On 04/22/2014 11:03 AM, monarch_dodra wrote:

> On Tuesday, 22 April 2014 at 17:31:22 UTC, Ali Çehreli wrote:
>> I opened the following bug before reading reduce's documentation
>> carefully:
>>
>>   https://issues.dlang.org/show_bug.cgi?id=12610
>>
>> import std.stdio;
>> import std.algorithm;
>>
>> void main()
>> {
>>     int[] arr = [ 0 ];
>>
>>     int[1] seed;
>>     int[] result = reduce!((sum, _) => sum[])(seed, arr);
>>
>>     writefln("%s", result);
>> }
>>
>> The output is garbage like [373728176].
>>
>> Note that the original seed is a value type, which is later sliced by
>> the lambda.
>>
>> Now I think that it can be considered a user error.

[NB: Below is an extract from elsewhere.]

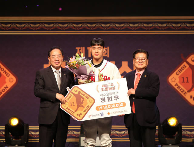 대선주조는 11일 부산은행 본점 강당에서 열린 제11회 최동원상 시상식에서 ‘제7회 대선 고교 최동원상’ 수상자 정현우와 소속 학교 덕수고 야구부에 총상금 1000만 원을 전달했다고 밝혔다.

Do you agree whit
>> that? If so, this is something else we should be careful about similar
>> to the internal buffer of byLine.
>>
>> Ali
>
> I see one user bug,

Let this thread be a lesson to me (and other mortals) then.

> and one language bug, but no library issues.
>
> The user bug is the lambda, that returns a reference to a local
> ("sum[]"). That said, I do believe the compiler should be able to catch
> think.
>
> The "int[] reduce...", however, I think is a outright language issue.
> Implicilty calling opSlice on a static array is one thing, but doing it
> on an rvalue is an outright aberration. The code should be rejected no
> questions asked.

I don't think there is slicing an rvalue though. (?) reduce() is taking a copy of the seed and then returning a slice to it because the user slices it in their lambda. It effectively does the following, which unfortunately compiles:

int[] foo()
{
    int[1] sum;
    return sum[];    // <-- no warning
}

void main()
{
    int[] result = foo();
}

The code would be safe if the user gave a slice to reduce(). This brings up another concern though: Template authors must watch out for cases like the above. There would be cases where we shouldn't simply take a copy of a T object and return it.